The average rate of change of the function over the given interval is -\(\frac{3}{2\pi}\). The instantaneous rates of change at the endpoints of the interval are 0 and -\(\frac{\sqrt{3}}{2}\) respectively. Consequently, for this problem, the average rate of change does not equal the instantaneous rates of change at the endpoints of the interval.

Step-by-step solution

Calculation of the average rate

The average rate of change of the function is given by \((f(b)-f(a)) / (b-a)\). Substituting the given values, \(a=0\) and \(b=\frac{\pi}{3}\), the average rate is therefore \((\cos(\frac{\pi}{3}) - \cos(0)) / (\frac{\pi}{3}-0)\)

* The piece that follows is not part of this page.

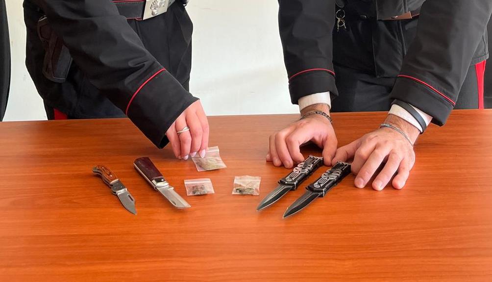 Nel corso di un servizio di pattugliamento, i militari hanno eseguito perquisizioni personali sui quattro, trovandoli tutti in possesso di coltelli. Un 21enne di Castel Volturno aveva una lama di 8 centimetri; un 19enne, anch’egli del posto, portava un coltello con lama di 10 centimetri. Un 18enne e un 20enne, originari di Giugliano in Campania, erano entrambi in possesso di coltelli con lama di 10 centimetri.

Simplification of the average rate

\(\cos(\frac{\pi}{3})\) is equal to \(\frac{1}{2}\) and \(\cos(0)\) is equal to 1. Substituting these values, the average rate will be \((\frac{1}{2} - 1) / (\frac{\pi}{3}-0) = -\frac{1}{2} / (\frac{\pi}{3}) = -\frac{3}{2\pi}\)

Calculation of the instantaneous rates

The derivative of \(\cos(x)\) is \(-\sin(x)\). Therefore, the instantaneous rates of change at the endpoints of the interval, \(x=0\) and \(x=\frac{\pi}{3}\), will be -\(\sin(0)\) and -\(\sin(\frac{\pi}{3})\) respectively.

Simplification of the instantaneous rates

\(\sin(0)\) is equal to 0 and \(\sin(\frac{\pi}{3})\) is equal to \(\frac{\sqrt{3}}{2}\). Therefore, the instantaneous rates of change at the endpoints of the interval will be -0 and -\(\frac{\sqrt{3}}{2}\) respectively.